Lélia Wanick Salgado, l’épouse du photographe Sebastião Salgado, a monté l’exposition. Sebastião feuillette l’album «Amazônia», qui pèse 5 kilos.

Lélia Wanick Salgado, l’épouse du photographe, a monté l’exposition. Sebastião feuillette l’album «Amazônia», qui pèse 5 kilos.

Geri Bron

- Vous faites-vous aujourd’hui une autre idée de la beauté?
- Pour moi, la beauté est l’équilibre entre un lieu et la lumière, la dignité, une présence forte. Lorsque je prends un arbre en photo, je le respecte, il acquiert une grande dignité. Ces petites pensées ont beaucoup agi sur moi, elles ont fait mûrir mon souhait de regarder la planète avec plus d’attention et de photographier la nature.

- Faites-vous toujours des cauchemars?
- J’avais perdu toute foi en l’espèce humaine. Aujourd’hui, j’ai davantage d’espoir, je suis plus heureux. Quand je me réveille le matin, je pense à la photographie. Je rêve des gens que j’ai photographiés. Mais quand je fais un cauchemar, c’est celui d’un appareil photo dépourvu de pellicule au moment même où un décor parfait se présente devant mes yeux.

- Les images en disent-elles plus que les mots?
- En dépit de tous les aspects émotionnels que véhicule la photographie, j’hésite quant à son pouvoir. Je ne crois pas que les images puissent changer quoi que ce soit à la marche du monde. Mais la photo m’a permis d’en apprendre beaucoup sur notre planète. J’ai visité plus de 130 pays et appris à vraiment connaître leurs habitants. La photo rend possible quelque chose d’extraordinaire: elle crée un lien entre le photographe et la personne qu’il photographie. Dans le cas de l’Amazonie, en liaison avec des organisations environnementales, elle peut susciter un mouvement. Je peux faire une photo que les gens apprécient, qui devient peut-être même tout de suite iconique, mais au bout du compte ça ne change rien si elle ne fait pas partie d’un mouvement, associée à un message, à un texte, à la volonté de gouvernements, à l’engagement de tout un chacun.

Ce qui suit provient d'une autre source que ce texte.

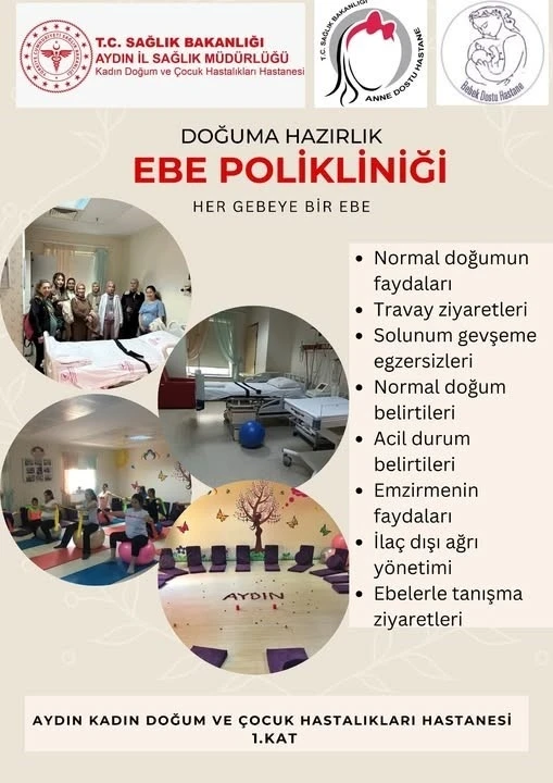 Aydın Kadın Doğum ve Çocuk Hastalıkları Hastanesi, doğum öncesi eğitim ve hazırlık hizmetlerine bir yenisini ekleyerek Ebe Polikliniği’ni açtığını duyurdu. Aydın Kadın Doğum ve Çocuk Hastalıkları Hastanesi Ebe Polikliniği’ndeki tecrübeli ebeler, gebe kadınlara doğuma hazırlık sürecinde kapsamlı bir danışmanlık hizmeti veriyor. Ebe danışmanlık hizmeti, gebelerin ihtiyaç duyduğu diğer konularda da rehberlik ederek doğum sürecine hazırlık açısından büyük bir destek sunuyor. Yeni hizmetle birlikte, normal doğumun faydaları, suda doğum, normal doğum belirtileri, ilaç dışı ağrı yönetimi, acil durum belirtileri ve emzirme konularında gebelere bilgi veriliyor. Ayrıca ebe eşliğinde doğum ünitesine yapılan ziyaretlerde, ekip ile tanışma fırsatı sağlanıyor. Aydın Kadın Doğum ve Çocuk Hastalıkları Hastanesi yetkilileri yeni hizmet sayesinde gebelerin doğum öncesi süreçlerini daha sağlıklı ve bilinçli bir şekilde geçirebileceklerini vurgulayarak tüm gebeleri Ebe Polikliniği’ne davet etti.

- Que signifie la richesse pour vous?
- Je ne suis pas riche, je ne suis qu’un photographe. Mais il y a des avantages à être célèbre: c’est ainsi que les revenus d’«Amazônia» retournent à notre projet Instituto Terra. Grâce au Zurich Forest Project, nous pouvons continuer de restaurer cet écosystème encore bien des années.

- Vous nous avez fascinés avec «Genesis». Aujourd’hui, nous plongeons dans la forêt vierge. Quel est le message que vous entendez nous délivrer?
- Alors qu’avec «Genesis» je voulais documenter certains lieux de la planète demeurés intacts, ici l’idée est que des êtres humains puissent vivre durablement, que nous respections les communautés autochtones. On ne voit pas d’incendies, pas de destructions. Je montre une autre Amazonie, celle qui doit rester pour toujours là où elle est! Je voudrais permettre aux gens de se rendre compte combien la nature et les habitants y sont merveilleux, multiples et beaux. Afin que nous apprenions à les aimer. Et à défendre l’Amazonie. 

>> Retrouvez l'exposition «Amazônia» jusqu’au 13 août 2023 au Maag Halle à Zurich. Plus d'informations sur www.amazonia-exhibition.ch

3 chiffres à retenir

380 
Le nombre de peuples qui habitent l’Amazonie. Leurs territoires représentent plus de huit fois la superficie de la France. Ces populations autochtones parlent 250 langues différentes.

3 mios
Le nombre d’indigènes qui pourraient perdre leur habitat en raison de la déforestation. Ils sont les meilleurs garants de la forêt pluviale, qui absorbe presque 20% du CO2 de la planète.

22
Le pourcentage de la forêt vierge amazonienne qui a été défrichée rien qu’au Brésil en 2021. Cela représente 13 000 km2, soit l’équivalent de 1,8 million de terrains de football.